One of the key types of gastrointestinal agents is proton pump inhibitors (PPIs), which work by reducing the production of stomach acid. PPIs help in treating conditions like gastroesophageal reflux disease (GERD) and peptic ulcers. Another essential class of agents is antacids, which neutralize excessive stomach acid, providing relief from heartburn and indigestion.

Gastrointestinal agents also include antispasmodics that alleviate abdominal cramps and spasms associated with conditions like IBS. These drugs work by relaxing the smooth muscles of the digestive tract. Additionally, there are drugs categorized as laxatives that aid in relieving constipation by promoting bowel movements.

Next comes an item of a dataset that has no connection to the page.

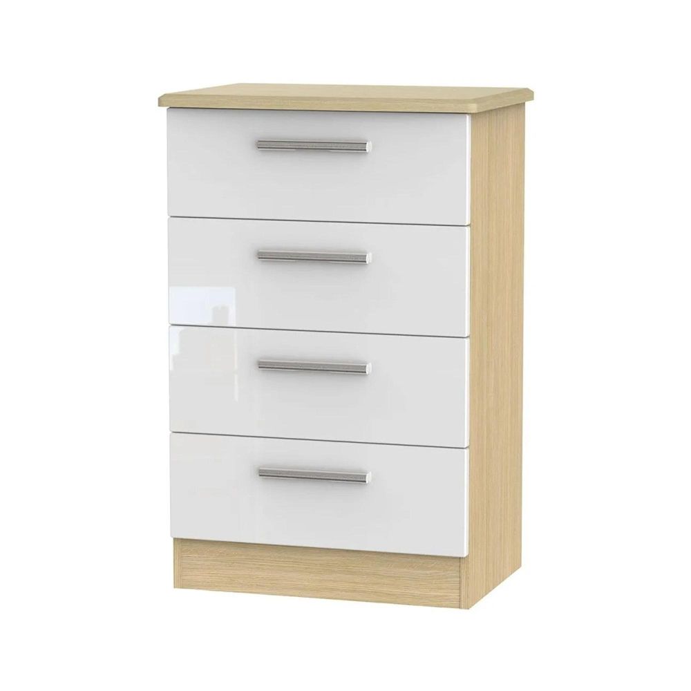 Knightsbridge White Gloss and Light Oak 4 Drawer Midi Chest

Moreover, certain gastrointestinal agents act as antiemetics, effectively reducing nausea and vomiting. These drugs are particularly useful for patients undergoing chemotherapy or experiencing motion sickness.

Pharmaceutical companies develop and manufacture a wide range of gastrointestinal agents in various forms, including tablets, capsules, suspensions, and injections. These agents are typically formulated using active pharmaceutical ingredients (APIs) and other excipients to ensure their efficacy and safety.

In conclusion, gastrointestinal agents form a vital category of pharmaceutical APIs, providing relief from digestive disorders and improving overall gastrointestinal health. The availability of diverse agents catering to different conditions ensures that patients can receive targeted treatment for their specific gastrointestinal needs.